How To Build Muscle Chest

Every person who walked into the gym usually has the first instinct to form their chest muscles. Muscular chest could be said to be a symbol of masculine and a man who has a muscular chest invite the attention and respect.
If you see Arnold and Franco Columbo has the best chest and even though they already have a good genetic shape of their bodies, but still they do the exercises and the correct program and high intensity.
After observing hundreds of trainers and gym members, following up some anomalies that make a lot of people can not form a good chest. It’s important to remember when practicing.
Important anomalies Chest Exercises
1. Scapula (shoulder blades) Retraction
This is the most important rule when doing any chest exercises. You should be able to pull the shoulders back and down and shoulder blades (scapula / dipunggung part of the bone plate) was arrested for practicing chest. This helps you to isolate the pectoral muscles (chest) fully activate the muscle fibers so that the maximum. People who struggle to do this, and this will be explained later, not ever feel muscle contractions and chest full of feel tired more often than chest on shoulder.
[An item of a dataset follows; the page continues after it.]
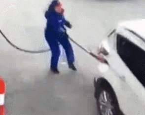 在网络上有这么个段子,司机进加油站加油,加好后没等油枪拔出来就踩了油门,结果直接带着油枪走了。而这样的马虎司机,在现实生活当中并不是没有。大家都知道,戏剧源于生活嘛。这不,近日,在台金高速永康服务区加油站就发生了这样一幕。
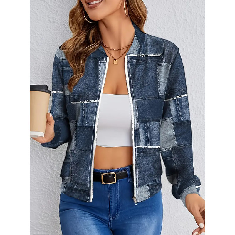 Women's Casual Jacket Warm Quick Dry Zipper Pocket Elegant Fashion Daily Simple Floral Vacation Casual Daily Holiday Regular Baseball Collar Regular Fit Long Sleeve Outerwear Black And White Blue

2. Curve and Spinal Flexibility

This is how a healthy spine and a normal looking and you can see a natural arch that provides many functions in relation to posture, movement, shock damping, nerve protection, flexibility and others. In connection with the formation of breasts, if someone has a flat spine / straight with a little arch, they have more difficulties to arch their backs in order to perform the contraction scapula during chest exercises.
Fit Shop3 ad. Deltoid and the Dominant Triceps
Someone who has a shoulder (delta) and a very muscular triceps will be difficult to isolate the chest while practicing for the second shoulder and triceps muscles to dominate the load and take over the chest muscles. This means the chest muscles can not work fully.
4. Deltoid and the Weak Triceps
In contrast to the three points, a pair of delta / shoulder and triceps are weak can be prohibitive ability chest exercises because the muscle will fatigue before the chest could fully practice until exhausted. If you do press the delta movement and triceps are the muscles involved and then it’s given first, then the practice could not continue and the chest was not stimulated.
5. Starting from the Start
If you are a beginner, it will be difficult to feel the contraction of the right chest muscle while training. You are not just still do not have a feeling about which one works the muscle but may also be due to the chest muscles are still owned by thin so that no contractions are felt. In this case, focus on technique and mentality is very important and that your chest muscles begin to thicken, it’s easier to feel the contractions and begin the process of muscle growth.
6. Low Flexibility
This has to do with points 1 and 2. if the upper body flexibility is low, such as the shoulder joint has a limited space and your spine is not appropriate, then arch your back and make it more difficult scapula retraction. Exercise with posture and flexibility of an ugly can increase the risk of injury, too.